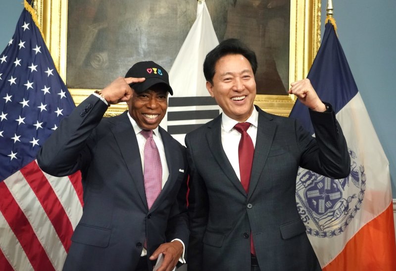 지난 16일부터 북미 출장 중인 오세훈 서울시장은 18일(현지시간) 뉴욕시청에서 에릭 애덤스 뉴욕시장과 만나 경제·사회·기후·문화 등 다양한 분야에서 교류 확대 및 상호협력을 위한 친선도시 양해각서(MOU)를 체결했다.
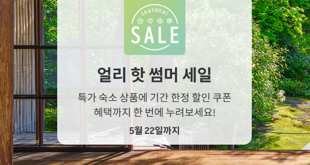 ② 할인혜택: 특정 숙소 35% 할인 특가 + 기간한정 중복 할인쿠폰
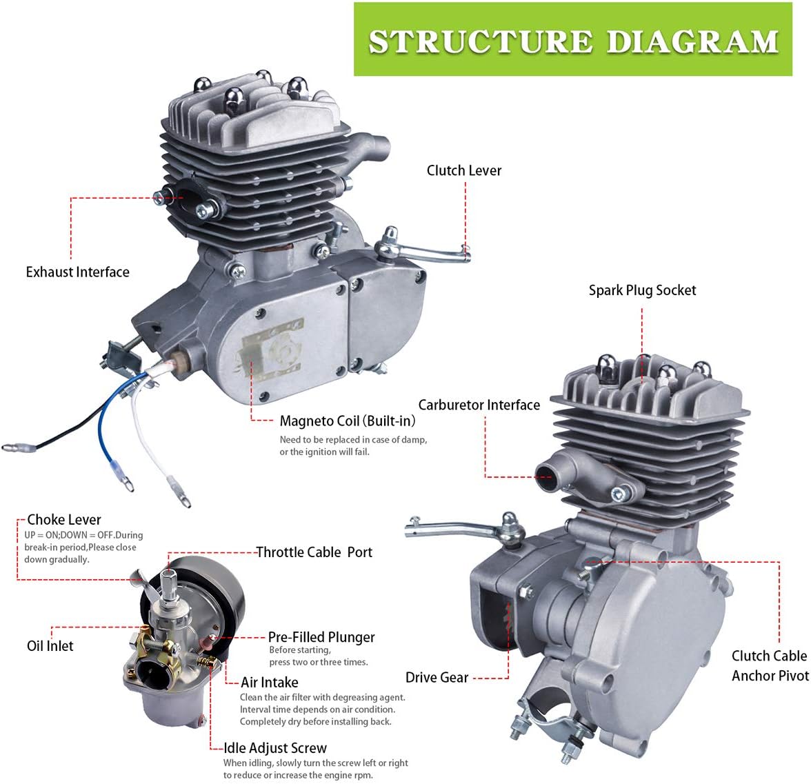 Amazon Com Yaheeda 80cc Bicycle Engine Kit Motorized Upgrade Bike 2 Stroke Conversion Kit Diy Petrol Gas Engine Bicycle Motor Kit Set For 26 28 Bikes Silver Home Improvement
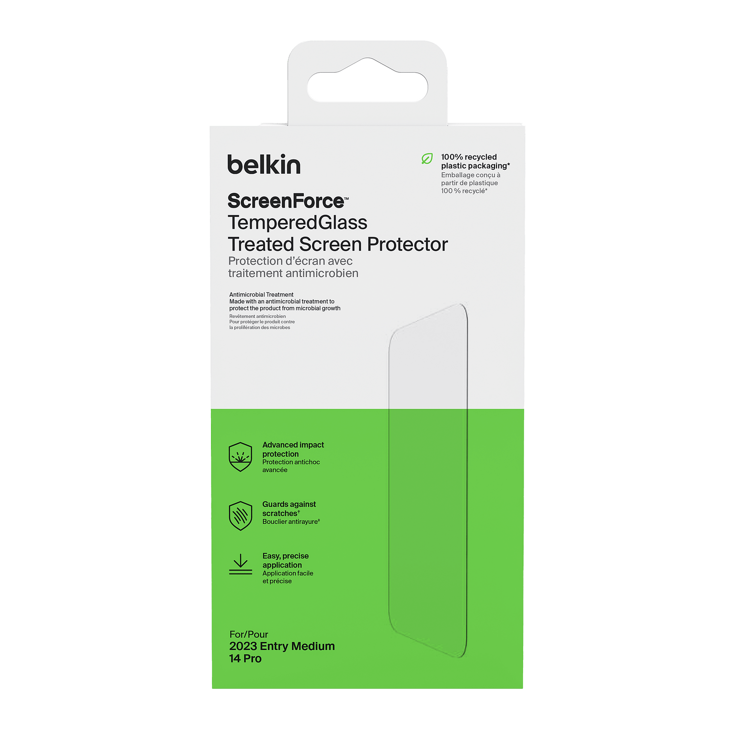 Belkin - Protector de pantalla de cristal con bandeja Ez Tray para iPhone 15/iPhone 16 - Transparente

...

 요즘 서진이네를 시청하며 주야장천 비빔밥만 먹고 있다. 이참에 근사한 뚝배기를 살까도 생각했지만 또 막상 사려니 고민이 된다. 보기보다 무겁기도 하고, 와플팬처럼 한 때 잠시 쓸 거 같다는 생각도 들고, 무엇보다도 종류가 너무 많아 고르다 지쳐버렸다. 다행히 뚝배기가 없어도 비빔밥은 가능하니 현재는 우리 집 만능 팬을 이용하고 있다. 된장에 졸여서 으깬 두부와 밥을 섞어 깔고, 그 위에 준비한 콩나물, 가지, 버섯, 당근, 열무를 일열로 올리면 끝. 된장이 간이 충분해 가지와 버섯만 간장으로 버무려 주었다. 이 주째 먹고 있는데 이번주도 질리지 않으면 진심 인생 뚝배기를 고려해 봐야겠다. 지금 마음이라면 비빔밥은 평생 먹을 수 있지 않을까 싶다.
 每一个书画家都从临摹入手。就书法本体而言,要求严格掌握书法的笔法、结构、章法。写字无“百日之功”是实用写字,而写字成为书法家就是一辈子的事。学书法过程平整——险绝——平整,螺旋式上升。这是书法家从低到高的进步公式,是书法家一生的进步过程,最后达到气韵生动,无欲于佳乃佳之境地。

---

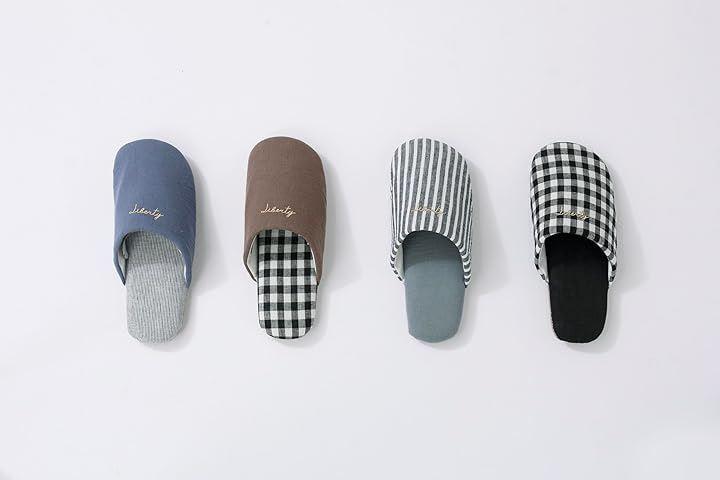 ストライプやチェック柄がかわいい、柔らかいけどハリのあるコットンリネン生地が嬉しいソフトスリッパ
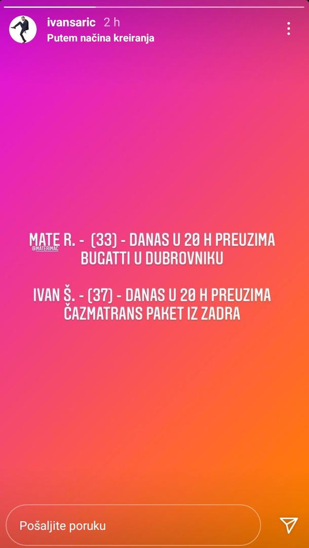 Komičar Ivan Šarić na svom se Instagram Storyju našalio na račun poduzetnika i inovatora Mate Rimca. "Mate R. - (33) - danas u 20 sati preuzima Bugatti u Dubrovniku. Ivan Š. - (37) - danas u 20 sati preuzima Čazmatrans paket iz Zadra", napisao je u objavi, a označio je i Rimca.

▶ [Prompt]: Output only the lines above from the one containing "② 할인혜택: 특정 숙소 35% 할인 특가 + 기간한정 중복 할인쿠폰" to the one containing "Belkin - Protector", both included, exactly as written and with no pictures.

▶ [Output for this exercise]:
 ② 할인혜택: 특정 숙소 35% 할인 특가 + 기간한정 중복 할인쿠폰
 Amazon Com Yaheeda 80cc Bicycle Engine Kit Motorized Upgrade Bike 2 Stroke Conversion Kit Diy Petrol Gas Engine Bicycle Motor Kit Set For 26 28 Bikes Silver Home Improvement
 Belkin - Protector de pantalla de cristal con bandeja Ez Tray para iPhone 15/iPhone 16 - Transparente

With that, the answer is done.